But Whatever Happened to Penny Knocknutter?
That little baby is four years old today. I went to my archives to hunt up an appropriately melty photo (how’d I do?), and I found this post that made me laugh—because it is such a perfect snapshot of then, when I was wrapping my head around having five kids eleven-and-under, and because it pretty accurately depicts our now, too. I mean, sure, now there’s a teenager at one end and a fifteen-month-old force of destruction at the other, and sure, we’re living clear on the other side of the country, and sure, the range of conversational topics has expanded to include everything from politics to artisan breadmaking to the moral codes of Warriors cat clans, but the general tone of things? About the same. I’m still in over my head, slightly dizzy, and endlessly amused.
Party of Five, April 2006
Rose: “Mom, how do you spell Latin?”
Jane, looking up from Sunflower Houses: “Mom, look at this! It’s a bunch of riddles about flowers…hmm, ‘The name of a boy and an old-fashioned weapon…’ ”
Beanie: “Did you know O has a brother?”
Rose: “How do you spell Japanese?”
Beanie: “The brother of O is Q!”
Jane: ” ‘A state in the South and a one-year-old child…’ Virginia creeper!”
Rose: “How do you spell Gaelic?”
Wonderboy: “Mommy help!” (points at stacking cup under table)
Rose: “How do you spell Chinese?”
Jane: “Do you say PEEanee or peOHnee?”
Beanie: “Peony peony peony!
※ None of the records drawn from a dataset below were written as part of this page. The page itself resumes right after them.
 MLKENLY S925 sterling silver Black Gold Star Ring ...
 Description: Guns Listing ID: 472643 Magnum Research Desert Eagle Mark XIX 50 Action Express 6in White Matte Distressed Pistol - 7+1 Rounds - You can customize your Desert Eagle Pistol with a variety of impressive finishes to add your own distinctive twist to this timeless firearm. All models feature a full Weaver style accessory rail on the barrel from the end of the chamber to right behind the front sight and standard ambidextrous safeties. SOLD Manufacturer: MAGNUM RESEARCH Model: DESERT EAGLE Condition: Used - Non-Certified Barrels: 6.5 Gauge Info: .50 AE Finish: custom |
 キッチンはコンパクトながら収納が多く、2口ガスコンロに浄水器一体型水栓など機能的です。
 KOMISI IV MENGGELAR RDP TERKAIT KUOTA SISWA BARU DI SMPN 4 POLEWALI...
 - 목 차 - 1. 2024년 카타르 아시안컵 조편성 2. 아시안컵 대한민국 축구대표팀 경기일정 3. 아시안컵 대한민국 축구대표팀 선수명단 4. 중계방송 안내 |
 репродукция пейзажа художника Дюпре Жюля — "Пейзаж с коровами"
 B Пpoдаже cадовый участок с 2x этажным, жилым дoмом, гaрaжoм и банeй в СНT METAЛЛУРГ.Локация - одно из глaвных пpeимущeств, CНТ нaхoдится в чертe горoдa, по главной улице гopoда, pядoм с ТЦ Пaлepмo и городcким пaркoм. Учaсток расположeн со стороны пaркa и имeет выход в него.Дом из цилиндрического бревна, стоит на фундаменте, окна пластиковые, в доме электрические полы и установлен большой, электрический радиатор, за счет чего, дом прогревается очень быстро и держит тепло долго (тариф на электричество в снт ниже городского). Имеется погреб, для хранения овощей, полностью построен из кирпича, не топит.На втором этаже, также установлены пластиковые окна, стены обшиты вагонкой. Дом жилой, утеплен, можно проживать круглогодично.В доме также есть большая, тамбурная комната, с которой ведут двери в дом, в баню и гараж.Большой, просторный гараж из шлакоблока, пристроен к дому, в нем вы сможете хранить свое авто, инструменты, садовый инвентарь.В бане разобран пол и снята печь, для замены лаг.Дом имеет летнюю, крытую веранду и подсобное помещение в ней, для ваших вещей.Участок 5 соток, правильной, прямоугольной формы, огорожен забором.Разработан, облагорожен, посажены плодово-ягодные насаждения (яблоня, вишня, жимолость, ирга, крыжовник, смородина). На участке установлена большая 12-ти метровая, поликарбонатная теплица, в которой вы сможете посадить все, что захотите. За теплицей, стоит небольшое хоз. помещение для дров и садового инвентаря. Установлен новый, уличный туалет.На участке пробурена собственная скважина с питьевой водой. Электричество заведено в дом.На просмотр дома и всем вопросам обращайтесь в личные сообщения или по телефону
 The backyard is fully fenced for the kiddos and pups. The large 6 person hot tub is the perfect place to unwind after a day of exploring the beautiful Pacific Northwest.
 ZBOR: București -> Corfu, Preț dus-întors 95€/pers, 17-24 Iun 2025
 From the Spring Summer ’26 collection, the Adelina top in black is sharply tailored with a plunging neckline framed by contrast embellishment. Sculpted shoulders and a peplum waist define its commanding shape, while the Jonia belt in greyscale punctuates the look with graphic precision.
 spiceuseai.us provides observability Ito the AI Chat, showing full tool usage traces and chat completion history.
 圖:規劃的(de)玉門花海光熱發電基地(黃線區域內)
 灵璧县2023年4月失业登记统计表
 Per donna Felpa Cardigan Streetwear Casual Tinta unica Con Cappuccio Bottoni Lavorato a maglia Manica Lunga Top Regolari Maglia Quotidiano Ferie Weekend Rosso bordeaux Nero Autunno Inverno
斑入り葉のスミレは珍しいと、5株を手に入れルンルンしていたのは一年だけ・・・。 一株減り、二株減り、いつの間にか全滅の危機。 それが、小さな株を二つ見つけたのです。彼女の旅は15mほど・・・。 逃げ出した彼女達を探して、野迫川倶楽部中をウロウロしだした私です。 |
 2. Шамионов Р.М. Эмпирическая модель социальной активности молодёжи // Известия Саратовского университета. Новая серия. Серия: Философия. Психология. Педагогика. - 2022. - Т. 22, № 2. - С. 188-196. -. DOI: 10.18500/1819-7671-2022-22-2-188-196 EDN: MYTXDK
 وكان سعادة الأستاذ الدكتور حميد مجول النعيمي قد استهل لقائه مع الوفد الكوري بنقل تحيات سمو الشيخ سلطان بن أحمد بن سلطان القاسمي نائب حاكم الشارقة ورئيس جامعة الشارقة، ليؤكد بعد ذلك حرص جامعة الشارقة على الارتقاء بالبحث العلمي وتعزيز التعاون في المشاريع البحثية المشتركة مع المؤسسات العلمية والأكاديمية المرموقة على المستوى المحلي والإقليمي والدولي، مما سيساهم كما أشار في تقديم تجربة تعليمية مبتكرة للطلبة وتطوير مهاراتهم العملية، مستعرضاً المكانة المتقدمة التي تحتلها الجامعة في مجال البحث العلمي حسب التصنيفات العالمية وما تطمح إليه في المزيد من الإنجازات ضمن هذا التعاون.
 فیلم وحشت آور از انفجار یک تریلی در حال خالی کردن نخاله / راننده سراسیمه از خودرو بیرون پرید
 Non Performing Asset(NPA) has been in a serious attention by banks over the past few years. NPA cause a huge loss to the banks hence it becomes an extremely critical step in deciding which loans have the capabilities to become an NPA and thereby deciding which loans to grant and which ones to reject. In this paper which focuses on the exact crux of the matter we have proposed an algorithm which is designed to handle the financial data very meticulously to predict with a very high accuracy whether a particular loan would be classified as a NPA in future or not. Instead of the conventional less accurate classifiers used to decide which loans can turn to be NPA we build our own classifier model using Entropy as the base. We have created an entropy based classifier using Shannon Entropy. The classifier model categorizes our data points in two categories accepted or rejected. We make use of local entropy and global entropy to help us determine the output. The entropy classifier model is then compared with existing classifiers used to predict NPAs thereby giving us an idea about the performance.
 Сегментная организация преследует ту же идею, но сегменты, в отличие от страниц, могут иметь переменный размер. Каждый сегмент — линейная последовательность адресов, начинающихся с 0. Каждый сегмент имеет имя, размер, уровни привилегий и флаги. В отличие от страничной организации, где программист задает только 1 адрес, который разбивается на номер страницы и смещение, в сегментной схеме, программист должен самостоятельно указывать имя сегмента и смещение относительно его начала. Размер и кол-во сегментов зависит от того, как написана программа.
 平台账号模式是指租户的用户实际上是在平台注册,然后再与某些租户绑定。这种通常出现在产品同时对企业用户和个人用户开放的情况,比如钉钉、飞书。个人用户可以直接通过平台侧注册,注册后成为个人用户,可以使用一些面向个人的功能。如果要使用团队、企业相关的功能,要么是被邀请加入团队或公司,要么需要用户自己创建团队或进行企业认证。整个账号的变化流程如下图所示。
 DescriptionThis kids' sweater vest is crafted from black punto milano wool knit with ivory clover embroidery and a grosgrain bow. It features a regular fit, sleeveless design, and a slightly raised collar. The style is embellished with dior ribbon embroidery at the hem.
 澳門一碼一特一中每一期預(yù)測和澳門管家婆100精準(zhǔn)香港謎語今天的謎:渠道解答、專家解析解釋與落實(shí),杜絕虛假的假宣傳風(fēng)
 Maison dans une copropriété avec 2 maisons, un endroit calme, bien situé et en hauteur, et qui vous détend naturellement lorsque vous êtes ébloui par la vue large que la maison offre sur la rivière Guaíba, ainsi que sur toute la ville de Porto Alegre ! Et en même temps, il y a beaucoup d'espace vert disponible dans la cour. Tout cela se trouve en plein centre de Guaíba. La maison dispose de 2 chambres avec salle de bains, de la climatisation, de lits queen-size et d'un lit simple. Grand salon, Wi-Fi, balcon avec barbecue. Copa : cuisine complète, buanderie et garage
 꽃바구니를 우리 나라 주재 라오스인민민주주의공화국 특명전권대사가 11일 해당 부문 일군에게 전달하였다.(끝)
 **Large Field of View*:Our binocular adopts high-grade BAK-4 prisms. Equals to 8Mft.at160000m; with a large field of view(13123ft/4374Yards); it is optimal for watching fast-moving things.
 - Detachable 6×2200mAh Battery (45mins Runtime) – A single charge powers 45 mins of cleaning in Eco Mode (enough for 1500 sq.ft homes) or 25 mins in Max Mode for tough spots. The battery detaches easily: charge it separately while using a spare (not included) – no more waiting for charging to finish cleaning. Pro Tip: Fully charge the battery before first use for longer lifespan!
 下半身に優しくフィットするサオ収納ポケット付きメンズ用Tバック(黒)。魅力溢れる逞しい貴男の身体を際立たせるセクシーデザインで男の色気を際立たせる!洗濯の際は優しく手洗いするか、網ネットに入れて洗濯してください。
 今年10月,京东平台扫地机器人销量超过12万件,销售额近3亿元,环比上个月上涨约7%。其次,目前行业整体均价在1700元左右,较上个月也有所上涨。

I like that name.”
Rose: “How do you spell German?”
Wonderboy: “Mommy help!” (different cup, now under couch)
Baby: “Meep.”
Jane: ” ‘The child of a suffragette known in our land…’ I know about the suffragettes but I don’t know their children’s names.”
Beanie: (sings) “Oh we were sufferin’…until suff-er-age…not a woman here could vote no matter what age…”
Rose: “How do you spell Irish?”
Beanie: “Until the nineteenth a-somethin’ struck down that ra-structive rule….oh yeah!”
Jane: “Amendment.”
Wonderboy: “Mommy count!” (All stacking cups are now lined up in a row.)
Jane: ” ‘A pleasant expression, and one sharp-edged tool…’ The only thing left is smilax, which fits, but what is it?”
Wonderboy: “Ee! Oh! Eye!” (This is how one counts sans consonants.)
Beanie: “Peony. Penny. Penny Knocknutter. When I have a child I’m going to name her Penny Knocknutter.”
Baby: (noisily fills diaper)
Rose: “How do you spell…oh, no, wait, I know that one. G—R—E—E—K.”
Wonderboy: “Boom!”
(Intersperse responses from slightly dizzy mother as appropriate.)